Quand le grandiose et l’opulence ne font pas partie de votre vocabulaire scénique, il vous faut trouver d’autres expédients pour donner vie à l’œuvre abordée. Les Troyens tels qu’imaginés par Michael Thalheimer, connu à Paris des spectateurs du théâtre de la Colline, se présentent donc sous un jour minimaliste. Le mur arrière de la scène est une paroi qui pivote en son centre. Face pile, elle est en bois et complète un carré élégant et intemporel où vont se succéder les scènes, côté face elle semble d’airain. A deux reprises, elle recevra une pluie de sang en référence à la mort spectaculaire de Laocoon puis lors de la prise de Troie. A Catharge, en deuxième partie, une véritable pluie ne parviendra pas à la laver. Une tâche présente à toute heure, et des spectres ensanglantés de sangs noirs depuis trop longtemps coagulés viennent raffermir la décision d’Enée. En robe de mariée blanche (et comme prête pour la scène de la folie de Lucia), Cassandre elle-même a plongé ses bras dans du sang sacrificiel. Elle marque les visages de ceux qui périront à Troie. Elle laisse Ascagne et le fil de Vénus immaculés. Beaucoup de sang pour presque rien en définitive. Car tout le travail du Francfortois semble tenir dans ce « rien » : sa mise en scène se veut épure, premier jet, net comme ces billes de peinture rouge que Narbal jette sur les murs pendant la guerre contre les Numides. Servi par de belles ambiances lumineuses, l’ensemble est élégant tout autant qu’ennuyeux de statisme parfois. Il laisse aux talents divers des interprètes l’art de camper leurs personnages et immobilise les chœurs en rang d’oignons.
© Simon Hallström
Las, la distribution souffre d’un défaut majeur : une diction française plus proche de la bouillie de voyelles que d’un texte articulé. Cela nuit à la Cassandre de Catherine Naglestad. Si son chant ne cesse de convaincre, son personnage peine à vivre, emprisonné dans sa gangue linguistique. Défaut et qualité partagés avec Kartal Karagedik, qui lui donne la réplique en Chorèbe. Au wagnérien Torsten Kerl est confiée la charge d’Enée, rôle considéré comme un des rares du répertoire français écrit pour ténor héroïque. L’allemand paraît en porte-à-faux dans la première partie. Ses lignes musicales sont hachées, le timbre est nasal. L’écriture des actes carthaginois le mettra plus en valeur. Petri Lindroos (Narbal) présente un chant pâteux qui nuit autant à sa diction qu’à la noblesse de son personnage. Satisfaction, nonobstant le français, pour Christina Gansch (Ascagne) et Katja Pieweck (Anna) aux beaux phrasés. Markus Nykänen (Iopas) n’a guère qu’un couplet pour séduire (la partition est amputée de près d’une heure de musique), quand le bel Hylas de Nicola Amodio est davantage préservé. Le chilien Bruno Vargas (Hector) fait frissonner de peur grâce à l’épaisseur de son timbre. Enfin, échappant au sabir général, Elena Zhidkova apporte elle aussi toute son intelligible rigueur, triplée d’une présence scénique magnétique et d’une parfaite maîtrise du rôle de Didon. Les chœurs sont parfaitement en place, de même que le reste des rôles distribués aux membres de la troupe.

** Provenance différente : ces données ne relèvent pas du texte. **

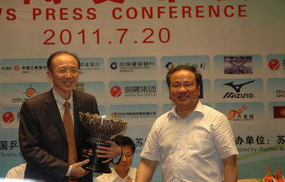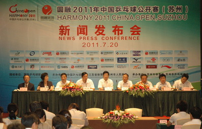 圆融2011年中国乒乓球公开赛(苏州)新闻发布会于7月20日下午在苏州举行,国家体育总局乒乓球羽毛球运动管理中心副主任刘于斌,江苏省体育局副局长周旭,苏州市副市长王鸿声,苏州市市委常委、宣传部部长徐国强等领导出席发布会。圆融集团副总裁沙勇作为冠名赞助商代表与赛事组委会签约,并接受了苏州市副市长王鸿声颁发的纪念杯。

C’est finalement de la fosse que viennent les structures principales qui portent la scène. Le nouveau directeur musical de l’Hamburgische Staatsoper Kent Nagano seconde le livret à chaque instant, souligne les détails de la partition, ou les évocations des pupitres. D’une scène à la suivante, les ambiances s’installent sans mal : angoisse et violence à Troie, obscurité lugubre des spectres, lyrisme et élégie dans les jardins carthaginois.